In-situ fabrication of 3D hollow Bi0/OVs-BiOCOOH microspheres with efficient photocatalytic degradation of tetracycline

Herein, we prepared visible light responsive well-dispersed Bi-0/OVs-BiOCOOH hollow microspheres through solvothermal method employing colloid carbon nanospheres (CSs) as sacrificial template and reductant. The characterization results show that CSs play multiple roles in the synthesis of hollow Bi-0/OVs-BiOCOOH micro-spheres, in which the hollow structure may be caused by the redox reaction of CSs and BiO+ during synthesis. The SPR effect of Bi-0 can enrich the photocatalytic performance by promoting the absorption of visible light. Furthermore, a defective energy level can be established by introduction of oxygen vacancies (OVs) on the surface of BiOCOOH, improving photocatalytic capability by accelerating the separation of photogenerated carriers.
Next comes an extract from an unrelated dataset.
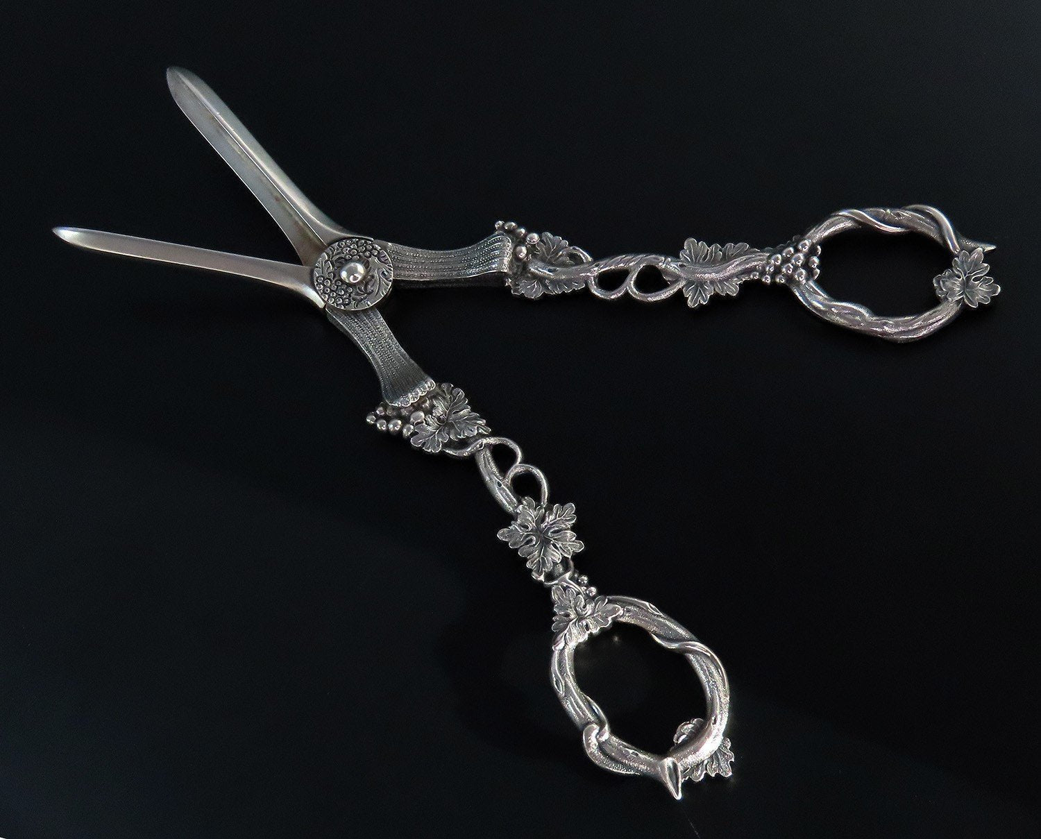 Great c 1845 Sterling Silver Grape Scissors High Relief Leaves 7 1/4"
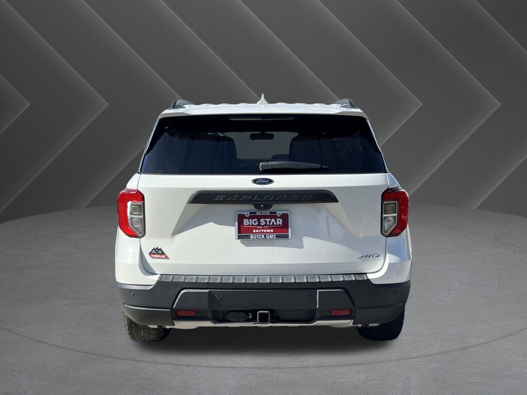 4WD, 110V/150W AC Power Outlet, 120 Point Safety Inspection, 20 WHEELS, 3.58 Torsen Limited Slip Rear Axle, 3rd Row PowerFold Seat, 3rd row seats: bench, 4-Wheel Disc Brakes, 4G LTE Wi-Fi Hotspot Credit, 6 Speakers, ABS brakes, Air Conditioning, Alloy wheels, AM/FM radio: SiriusXM, AM/FM Stereo, Auto High-beam Headlights, Auto Start-Stop Removal (DISC), Auto-Dimming Interior Rear-View Mirror, Automatic temperature control, BLUETOOTH / HANDSFREE, Brake assist, Bumpers: body-color, CLEAN CARFAX!, Compass, Delay-off headlights, Driver door bin, Driver vanity mirror, Dual front impact airbags, Dual front side impact airbags, Electronic Stability Control, Emergency communication system: SYNC 3 911 Assist, Equipment Group 800A, Exterior Parking Camera Rear, FordPass Connect, Four wheel independent suspension, Front anti-roll bar, Front Bucket Seats, Front Center Armrest, Front dual zone A/C, Front fog lights, Front reading lights, Fully automatic headlights, Heated ActiveX Trimmed Captain's Chairs, Heated door mirrors, Heated front seats, Heated rear seats, Heated steering wheel, Illuminated entry, Knee airbag, Leather steering wheel, LOCAL TRADE IN!, Low tire pressure warning, NAVIGATION, Navigation System, NON SMOKER VEHICLE, Occupant sensing airbag, Outside temperature display, Overhead airbag, Overhead console, Panic alarm, Passenger door bin, Passenger vanity mirror, Power door mirrors, Power driver seat, Power Liftgate, Power passenger seat, Power steering, Power windows, PROFESSIONALLY DETAILED FOR DELIVERY!, Radio: B&O Sound System by Bang & Olufsen, Rear anti-roll bar, Rear Auxiliary Controls Credit (DISC), Rear reading lights, Rear window wiper, Remote keyless entry, Roof rack: rails only, Security system, SelectShift Capability w/Paddle Shifters, Sideview Mirrors w/Gloss Black Caps, Speed control, Speed-sensing steering, Speed-Sensitive Wipers, Split folding rear seat, Spoiler, Sport steering wheel, Steering wheel mounted audio controls, SUNROOF/MOONROOF, SUPER LOW MILES!, SYNC 3 Communications & Entertainment System, SYNC 3/Apple CarPlay/Android Auto, Tachometer, Telescoping steering wheel, Tilt steering wheel, Timberline Technology Package, Traction control, Trip computer, Twin Panel Moonroof, Universal Garage Door Opener (UGDO), Variably intermittent wipers, Voice-Activated Touchscreen Navigation System, Wheels: 18 High Gloss Black-Painted Aluminum, Wireless Charging Pad. Clean CARFAX. Certified.Big Star Buick GMC is very proud to offer this charming 2023 Ford Explorer. Timberline 4WD Star White Metallic Tri-Coat CARFAX One-Owner.Odometer is 14530 miles below market average!Priced below KBB Fair Purchase Price!Why should you buy from Big Star GMC Buick? Our unmatched service and diverse New and Used Buick, GMC, Cars and Trucks inventory have set us apart as the preferred dealer in Baytown. Visit us today to discover why we have the best reputation in the Baytown area. Advertised Prices do not include any dealer installed options and advertised prices exclude leases.

The degradation performance of Bi-0/OVs-BiOCOOH for decontamination of tetracycline (TC) is 4.86 times than that of BiOCOOH. Based on the observations, the underlying photocatalytic mechanism of Bi-0/OVs-BiOCOOH for photodegradation of TC was elaborated.

Automated summary

In this study, visible light responsive well-dispersed Bi-0/OVs-BiOCOOH hollow microspheres were prepared through a solvothermal method using colloidal carbon nanospheres (CSs) as sacrificial templates and reductants. The CSs played multiple roles in the synthesis of hollow Bi-0/OVs-BiOCOOH microspheres, and the hollow structure may have been caused by the redox reaction between CSs and BiO+ during synthesis. The SPR effect of Bi-0 enhanced the photocatalytic performance by promoting visible light absorption. Additionally, the introduction of oxygen vacancies (OVs) on the surface of BiOCOOH established defective energy levels, improving the photocatalytic capability by accelerating the separation of photogenerated carriers. The degradation performance of Bi-0/OVs-BiOCOOH for decontamination of tetracycline (TC) was 4.86 times that of BiOCOOH. Based on the observations, the photocatalytic mechanism of Bi-0/OVs-BiOCOOH for TC photodegradation was elaborated.